Here are some operations we should consider performing:

  • Error catching and recovery. When a page contains JS errors, reload + back off optimizations automatically. We talked about this a lot, but with the property cache in place it might now be feasible. Best: handle by browser class (with say a partial order: all browsers, webkit / IE / gecko / other, under webkit Chrome / Safari / Android / other, individual browser versions under those. Can we do lattice fetches from property cache though? Just a single browser / property pair.
  • Obfuscation. Mostly local var / argument renaming; we could be more aggressive and rename top-level entities, but it's probably not worth the bother and requires understanding dynamic code loading.
  • Idiom recognition and replacement. Recognize common JQuery etc. idioms and replace them with faster plain JS. Lazyload JQuery or eliminate it if we can get rid of all of them. Should we bother doing this with Defer JS on?
  • Tag scripts for deferred loading. Less safe but easier than defer, with lower overhead on supported browsers?
  • Early fetch for deferred JS to make sure fetching paths stay busy. Consider something akin to defer JS + combine JS, where we pull down all the data we need early in the page and then execute it at onload.
  • Intercept DOM changes and lazily load previously-unreferenced CSS. Not worth it? Just load remaining CSS before executing deferred JavaScript?
  • Partial evaluation up to and including OnLoad a la Fast Previews. Hard to do compatibly, but big wins? May be a big advantage over defer JS.
  • Definition sinking: Some .js consists primarily of a series of definitions (usually function definitions). It should be easy to perform at least a limited dependency analysis for definition-only code, and then push the definitions as far down the page as possible. We can do this either with whole js files, or with interdependent regions. The latter may provide big benefits if a page includes a large js library, then calls a few of its functions in blocking contexts within the page, but most of the library code can be loaded later. One concern here is if a library consists of stubs that are loaded lazily, we must ensure that in the process of re-ordering the code we can't accidentally clobber previously-loaded definitions
  • Lazy loading: some code might be transformed so that it is loaded lazily on demand. Not clear if this is a win after OnLoad, so defer JS may be good enough. iframe insertion: If we can delimit the portion of a page that a script operates upon, we may be able to insert an iframe into the page and make that portion of the page load and render asynchronously, speeding up overall load time.
  • Constant propagation & Dead code removal: If we can determine some definitions are never updated, we can propagate that information to points of use. If some definitions are never referenced, we can eliminate code.

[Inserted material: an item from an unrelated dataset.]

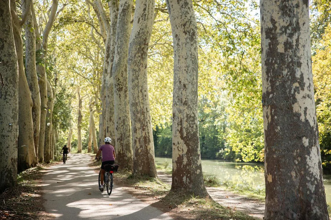 The canal towpath is shaded by plane trees near Toulouse, France.

Dynamic code loading may make this difficult in general, and may require us to analyze strings that are passed to eval or inserted into the document DOM. Some constant propagation and/or type propagation will likely be necessary to do anything but the simplest analysis.

Challenges:

  • Dynamic code evaluation using eval or insertion of script elements into the DOM. We may be able to analyze static strings and obtain some insight here, but it's officially a Hard Problem. To make matters worse, it's a common technique for dynamically loading code, and Souder's second book recommends it. We're doing it in ads starting this quarter, so we can count on it to be a common case.
  • Access of properties by computed strings (e.g. what does window[string1]string2 call?)
  • Ordering constraints for dynamic code loading. If a page references a js library, and that library loads code lazily, we must be careful about reordering definitions: if we load part of the library early, that might cause definitions that we otherwise would have deferred to the end of page load to be created. We'll then clobber them at the end of the page.
  • The prototype-based object model, which means we can't tell what method calls refer to when we're passed some data.